Start of Block

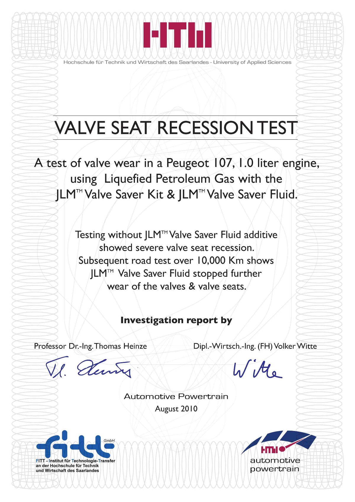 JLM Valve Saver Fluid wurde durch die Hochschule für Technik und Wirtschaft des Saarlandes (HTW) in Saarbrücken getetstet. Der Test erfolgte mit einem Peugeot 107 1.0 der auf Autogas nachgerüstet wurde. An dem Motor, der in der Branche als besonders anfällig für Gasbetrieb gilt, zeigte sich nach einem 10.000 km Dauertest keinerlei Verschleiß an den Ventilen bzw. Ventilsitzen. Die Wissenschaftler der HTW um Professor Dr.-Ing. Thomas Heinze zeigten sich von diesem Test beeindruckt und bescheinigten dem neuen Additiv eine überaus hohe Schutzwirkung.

End of Block
Start of Block

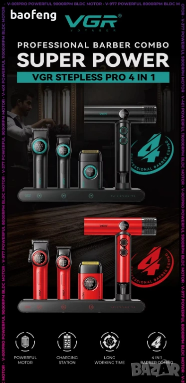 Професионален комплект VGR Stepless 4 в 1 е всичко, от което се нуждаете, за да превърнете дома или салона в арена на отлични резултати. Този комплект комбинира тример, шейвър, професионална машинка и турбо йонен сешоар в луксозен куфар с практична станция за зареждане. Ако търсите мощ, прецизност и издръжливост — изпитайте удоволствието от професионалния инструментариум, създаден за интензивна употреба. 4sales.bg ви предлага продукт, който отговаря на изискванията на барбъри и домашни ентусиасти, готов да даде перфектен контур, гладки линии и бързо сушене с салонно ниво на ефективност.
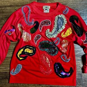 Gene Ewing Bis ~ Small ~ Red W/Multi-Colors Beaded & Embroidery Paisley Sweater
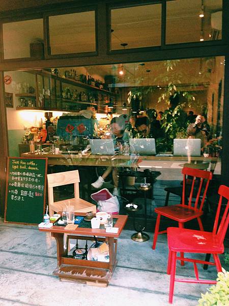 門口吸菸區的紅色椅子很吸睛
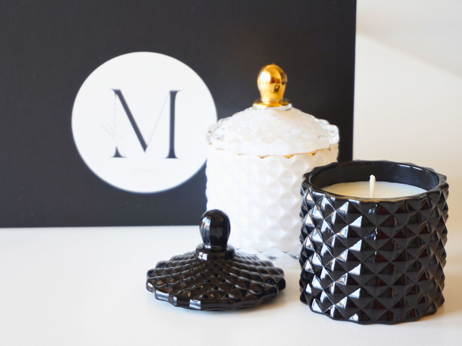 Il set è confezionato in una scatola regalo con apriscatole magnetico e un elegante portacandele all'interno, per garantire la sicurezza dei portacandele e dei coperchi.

End of Block

• _Task directions_
Reproduce the lines above starting at the one with "門口吸菸區的紅色椅子很吸睛" and ending at the one with "Il set è confezionato", both included, exactly and with no pictures.

• _Problem solution_
 門口吸菸區的紅色椅子很吸睛
 Il set è confezionato in una scatola regalo con apriscatole magnetico e un elegante portacandele all'interno, per garantire la sicurezza dei portacandele e dei coperchi.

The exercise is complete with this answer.